The Company is not regular in depositing with appropriate authorities, undisputed statutory dues including Goods and Services tax (GST), provident fund, employees state insurance, income-tax, sales- tax, service tax, duty of customs, duty of excise, value added tax, cess and any other material statutory dues applicable to it, and there have been few delays in a large number of cases.

No undisputed amounts payable in respect of provident fund, employees state insurance, income tax, GST, customs duty, cess and any other material statutory dues applicable to it, were outstanding, at the year end, for a period of more than six months from the date they became payable, except as follows:

Statement of arrears of Statutory Dues outstanding for more than six months

Name of the statute Nature of the dues Amount (in lakhs) Year to which the amount relates Due Date Date of Payment Remarks, if any
Income Tax Act, 1961 Advance Tax 20.92 23-24 15 September 2023 Not paid yet

8. The Restated Standalone Financial Statements do not reflect the effects of events that occurred subsequent to the respective dates of the reports on the audited financial statements mentioned in paragraph 4 above.
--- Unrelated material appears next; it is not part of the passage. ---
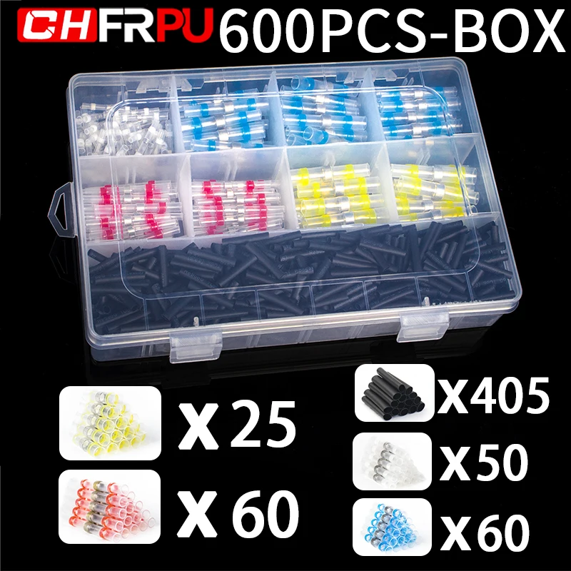 Герметичный водонепроницаемый термоусадочный соединитель для сварочных проводов, 600 шт. в коробке, паяльная втулка, комплект клемм для проводов, морская изоляция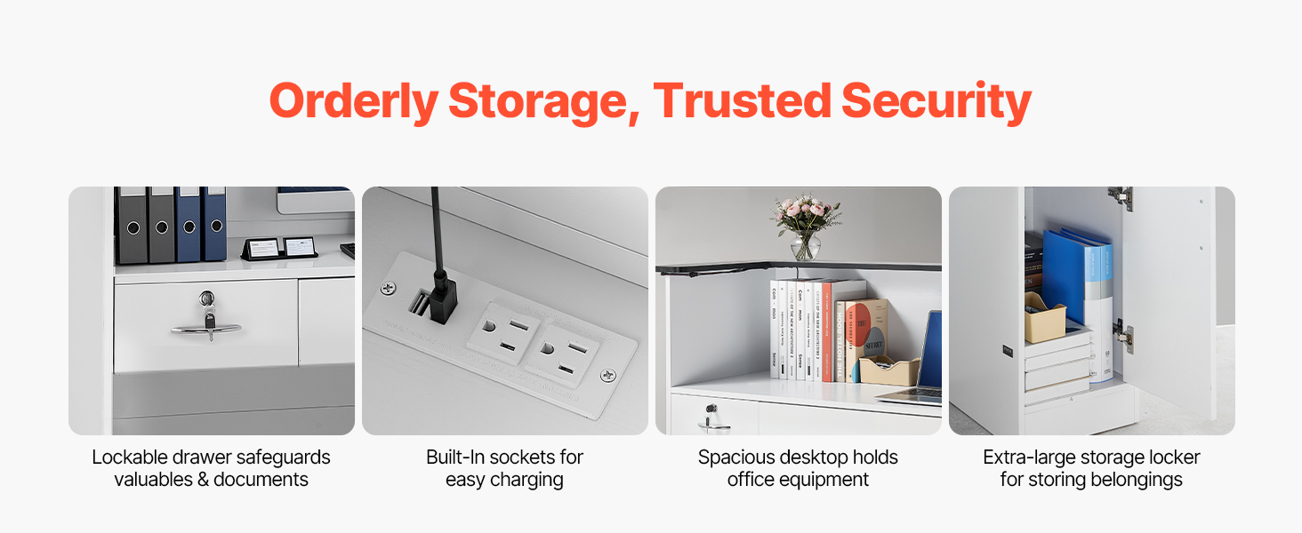 Naša recepčná pultová tabuľka je vybavená širokou doskou a pojme počítač a pokladničný systém. Uzamykateľná zásuvka chráni cennosti a dokumenty, zatiaľ čo úložná skrinka s magnetickými dvierkami slúži na uloženie osobných vecí. Integrovaná priechodka na káble vedie káble úhľadne, aby bola recepcia uprataná.

9. This report should not in any way be construed as a reissuance or re-dating of any of the previous audit reports issued by us and other auditors, nor should this report be construed as a new opinion on any of the financial statements referred to herein.

10. We, NKSC & Co., Chartered Accountants have been subjected to the peer review process of The Institute of Chartered Accountants of India ("ICAI") and hold a valid Certificate No. 014317 dated 16 June 2022 issued by the "Peer Review Board" of the ICAI.

11 . We have no responsibility to update our report for events and circumstances occurring after the date of the report.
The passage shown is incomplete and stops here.